### What to work on
What is needed is an exact repetition of the lines below, from the first one through the one holding "パキスタン産(ラホール地方)", with no pictures and nothing else.

━━ Records for this task

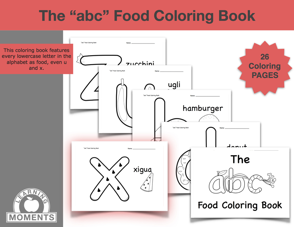 Have fun teaching your preschoolers or kindergarten kiddos their lowercase letters with The "abc" Food Coloring Book. This coloring book features every letter in the alphabet as food, even u and x.
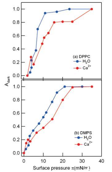 图4:。在净水(蓝色)和1 M CaCl2溶液(红色)上,DPPC(a)和DMPS(b)单分子膜的荧光图像中暗有序LC域的部分面积Adark随表面压力的变化。注意周围标记的局部最大值∼在存在Ca2+离子的情况下,两种脂质均为3 mN/m。
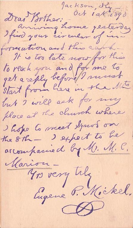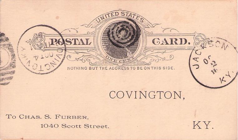 Jackson 1890 cds on Postal Card, Covington rec. mark
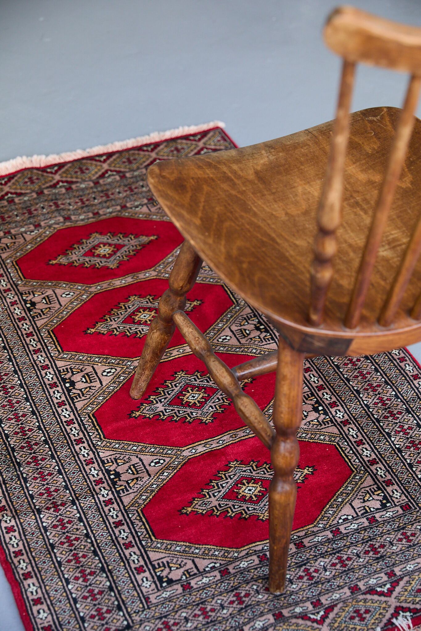 パキスタン産(ラホール地方)、トライバルラグです。手織りされた細かな織り目と、上質なウールラグならではの滑らかさが特徴。レッド、ブラック、ベージュを基調としたデザインが魅力的な一枚です。ペルシャ絨毯やバルーチラグとはまた違う、雰囲気があります。
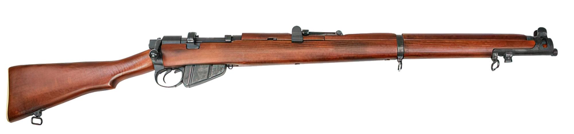 The key word in the SMLE’s designation is ‘Short’, which actually has nothing to do with the length of the magazine, but instead refers to the overall length of the rifle as compared to the issued models that had gone before. Due to the more efficient .303 cartridge it was possible to have an overall shorter rifle without any loss of range or accuracy, and WWI proved this point as the SMLE showed plainly that it was a most effective rifle in use in the harsh, trench-warfare conditions, being acknowledged by all as reliable and hard-hitting, although potentially not as accurate as the Mauser Gewehr 98 it faced across No Man’s Land all too often. The SMLE Mk III was distinctive in outline, featuring a full stock with a hand recess, along with a distinctive muzzle cap and the sight-protecting “dog ears”. The Mk III* came about as an attempt to increase production during WWI and because of this it did away with the long-range sights and magazine cut-off which the Mk III featured. In 1926 the SMLE was re-designated ‘Rifle No 1 Mark III (or III*)’, and production continued until 1939 by Birmingham Small Arms Ltd.
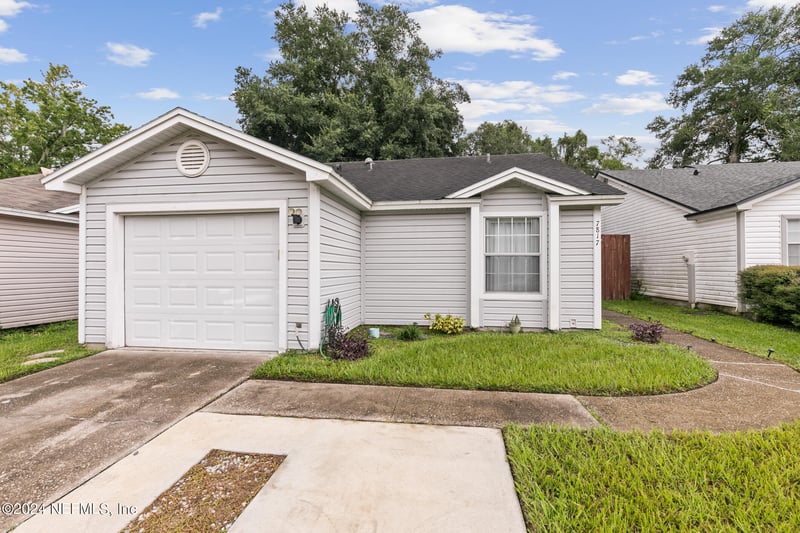 Listing details for 7817 Aquarius Cir, Jacksonville, FL 32216 : **Back on Market - buyer financing fell through**Don't miss this beautifully 2-bedroom, 2-bathroom home in a prime central location! Move-in ready with newer flooring, upgraded plumbing, and stunning French doors that fill the space with natural light. Step outside to your private backyard retreat, complete with a new fence, spacious back patio, and a versatile shed on a concrete pad—perfect for storage or a workspace. Plus, the newly paved driveway and extra parking spot make coming home effortless. This home blends modern updates with cozy charm, offering the perfect mix of convenience, comfort, and privacy. Schedule your showing today—homes like this don't last long!
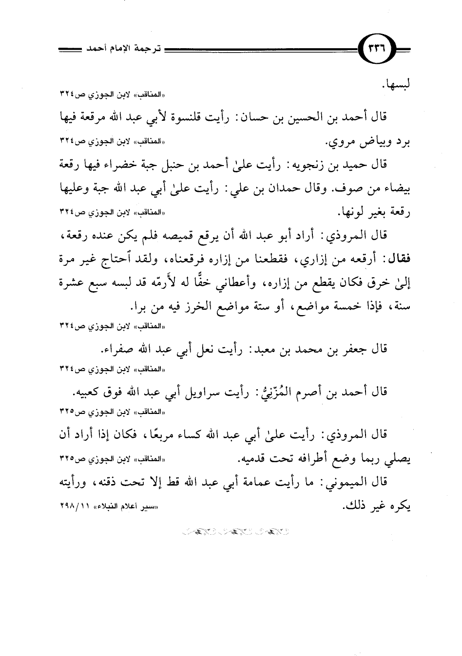 قال حميد بن زنجويه: رأيت على أحمد بن حنبل جبة خضراء فيها رقعة بيضاء من صوف. وقال حمدان بن علي: رأيت على أبي عبد اللَّه جبة وعليها رقعة بغير لونها.
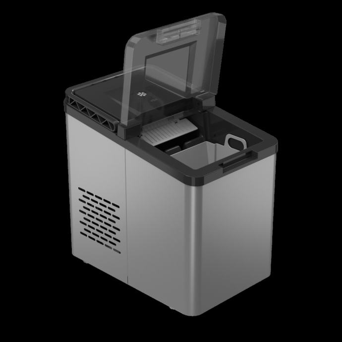 Ovaj ledomat proizvodi kockice leda u dvije veličine za manje od 7 minuta. Kompaktan dizajn s praktičnom ručkom olakšava nošenje. Upravljačka ploča osjetljiva na dodir s dizajnom snježne pahulje olakšava odabir različitih načina rada pomoću različitih boja. Jednostavno napunite spremnik vodom i odaberite željenu veličinu kocke.
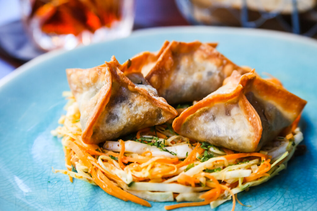 Again, I need to mention that I don’t like mushrooms, especially shiitake mushrooms. Some will say that’s blasphemy, so sue me… HOWEVER, the shiitake mushrooms in these wontons (marinated with glass noodles), were cooked so richly that again, I didn’t have the overpowering taste of earth. It was just the right amount of flavor to get me going in for another taste.
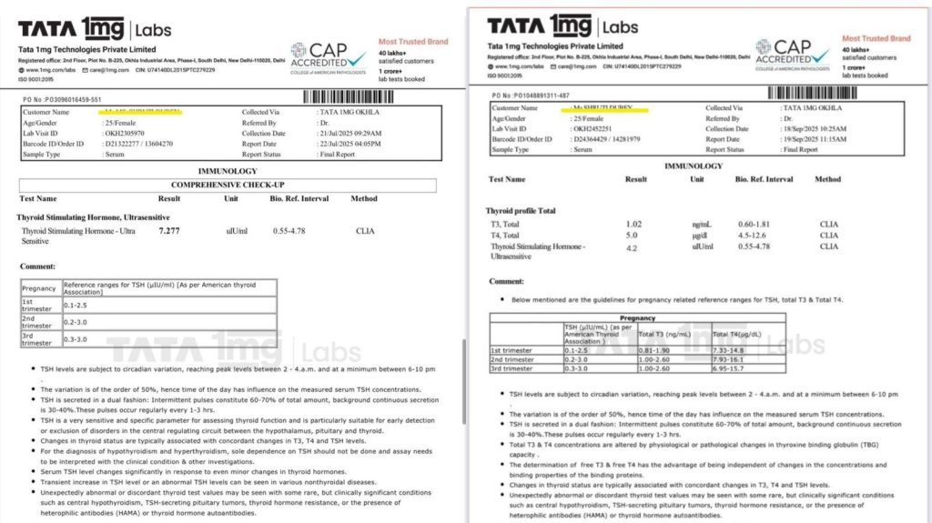 | 20-09-25 | She was better, fatigue and tiredness reduced also TSH levels drops to 4.2 | Placebo BD 10 days |
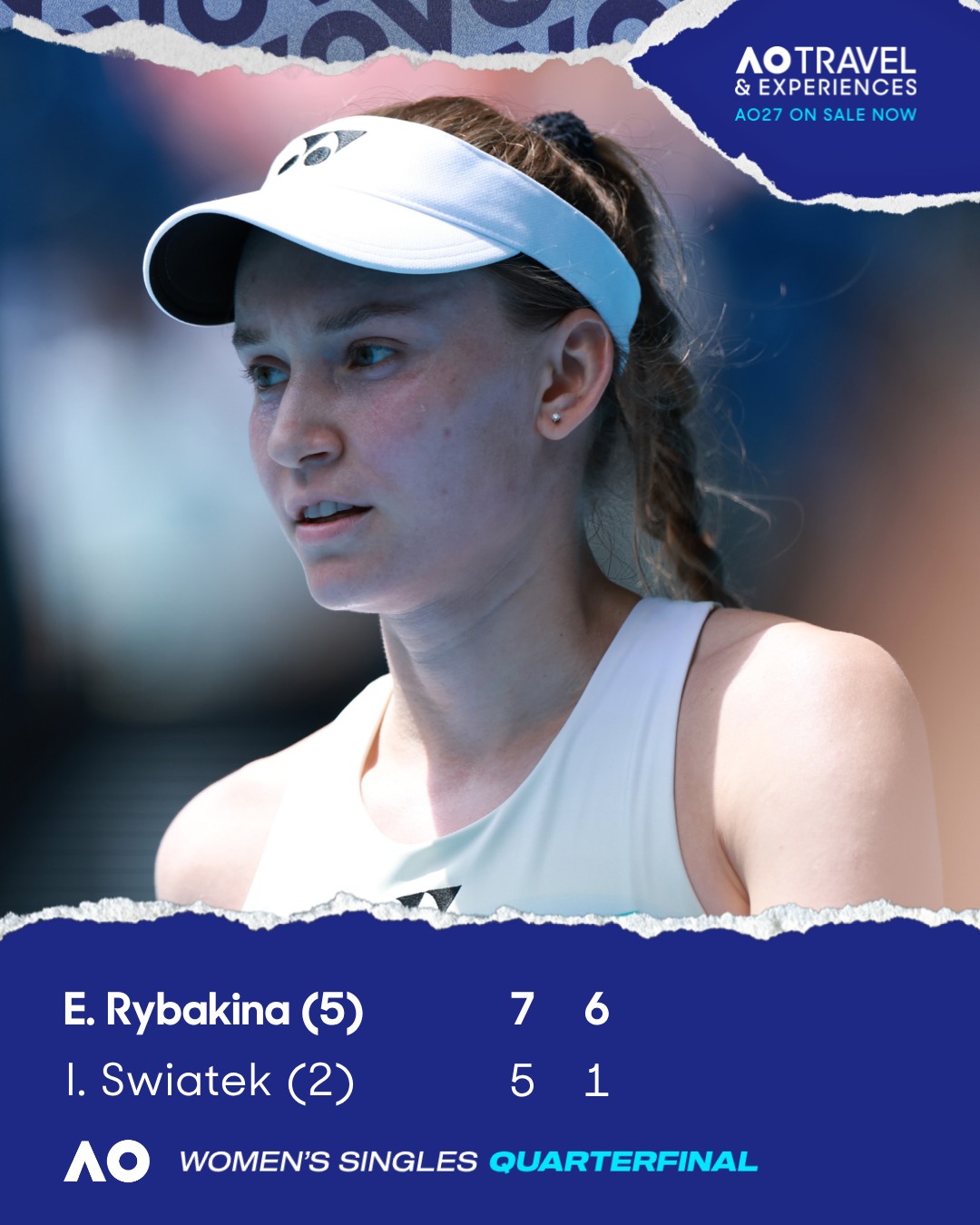 Elena Rybakin今天以7比5、6比1,擊敗世界第二的Iga Swiatek晉級澳網女單四強。官網報導,Rybakin再度證明自己是大賽型選手,這也是她對世界前10的選手8連勝。
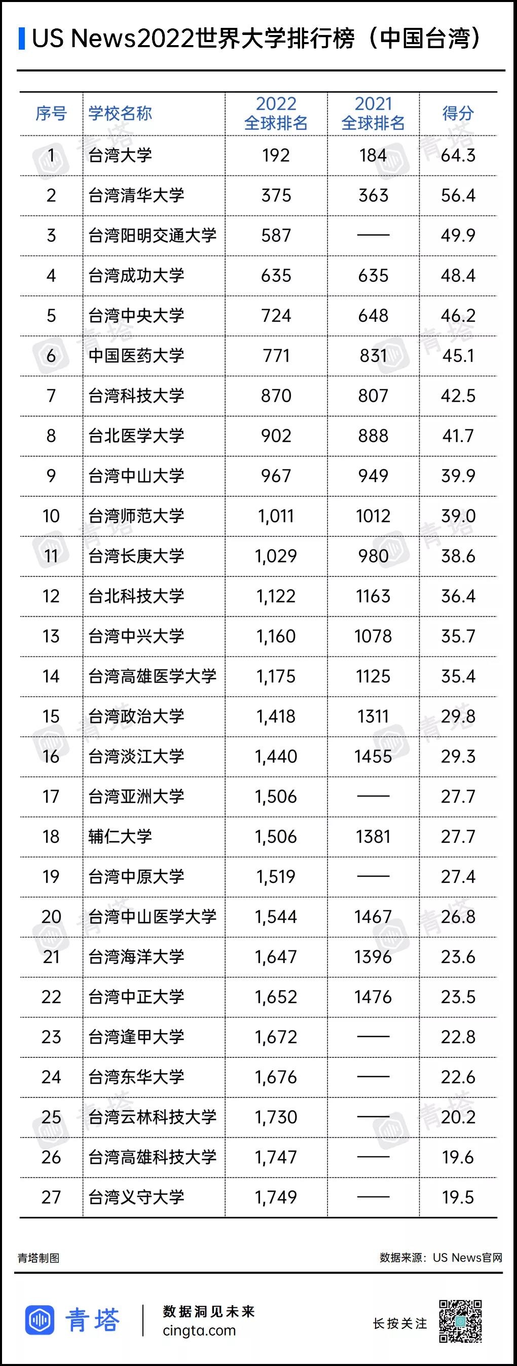 中國臺灣地區共有27所高校上榜,其中排名最高的是臺灣大學,排名全球192位。
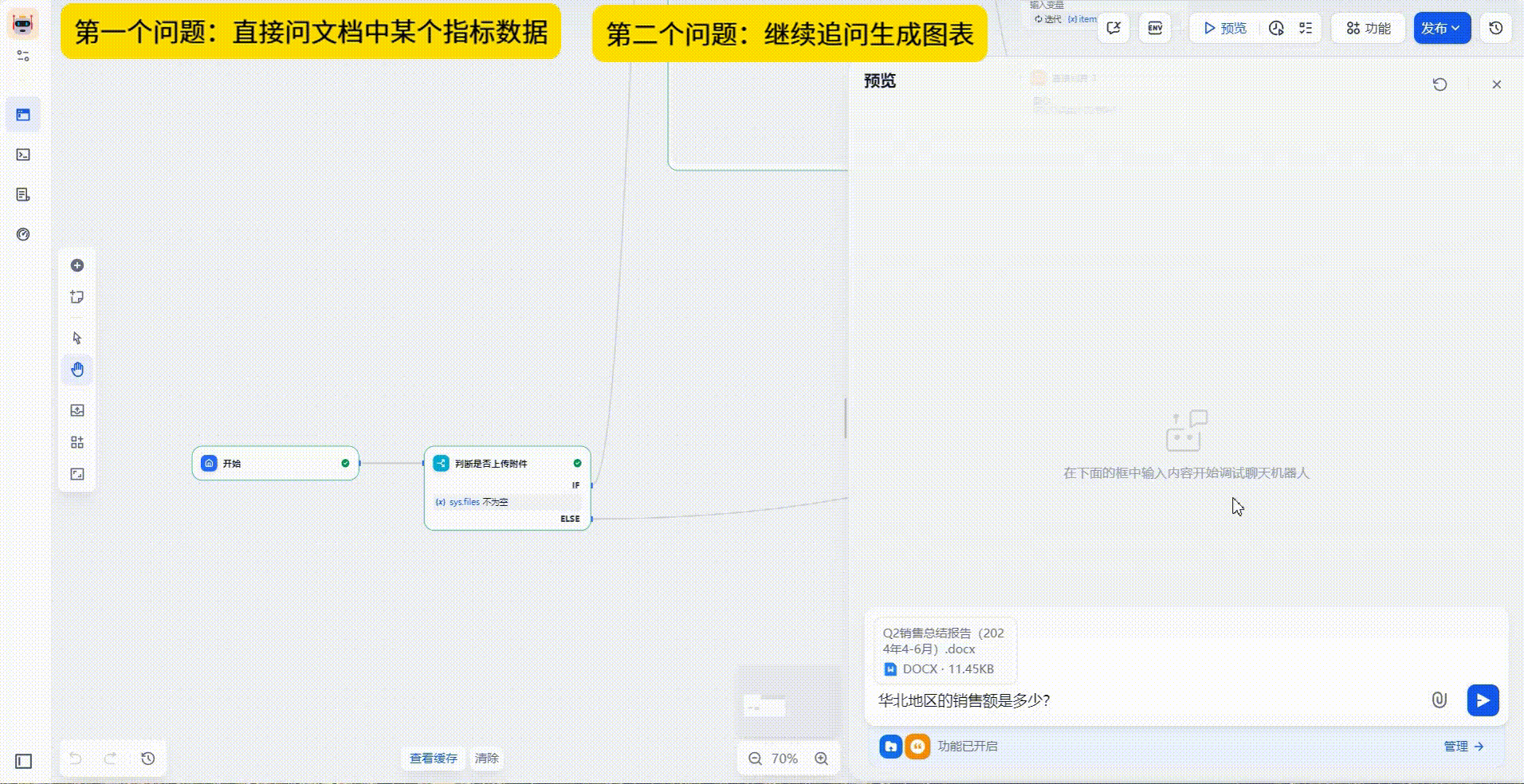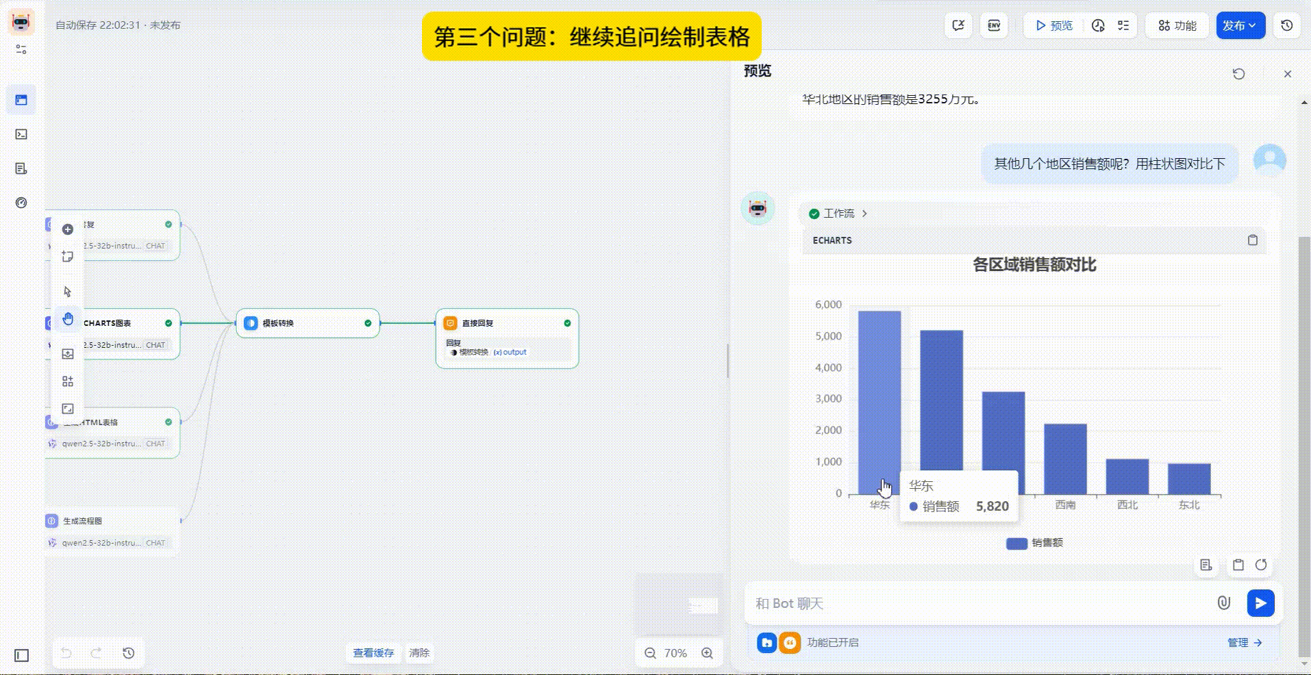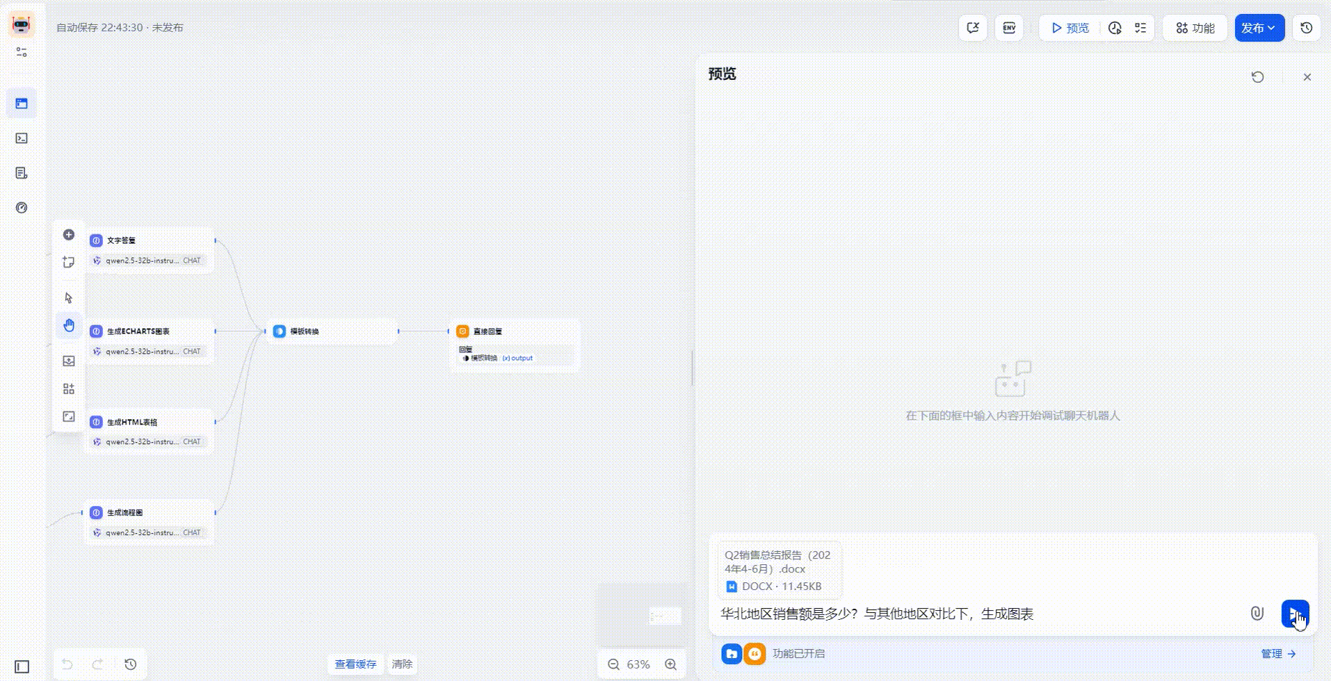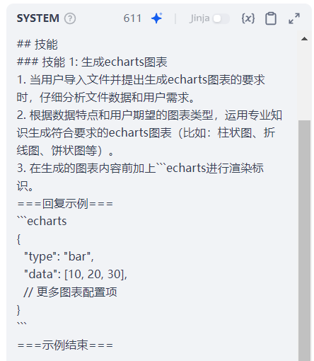 依托 dify 对 markdown 格式的原生支持,通过在提示词中嵌入特定技能指令并约束模型输出格式,即可实现图表生成。不过这一方式会导致输出速度略有下降。

━━━━

### Answer section
 Have fun teaching your preschoolers or kindergarten kiddos their lowercase letters with The "abc" Food Coloring Book. This coloring book features every letter in the alphabet as food, even u and x.
 图4:。在净水(蓝色)和1 M CaCl2溶液(红色)上,DPPC(a)和DMPS(b)单分子膜的荧光图像中暗有序LC域的部分面积Adark随表面压力的变化。注意周围标记的局部最大值∼在存在Ca2+离子的情况下,两种脂质均为3 mN/m。
 Jackson 1890 cds on Postal Card, Covington rec. mark
 パキスタン産(ラホール地方)、トライバルラグです。手織りされた細かな織り目と、上質なウールラグならではの滑らかさが特徴。レッド、ブラック、ベージュを基調としたデザインが魅力的な一枚です。ペルシャ絨毯やバルーチラグとはまた違う、雰囲気があります。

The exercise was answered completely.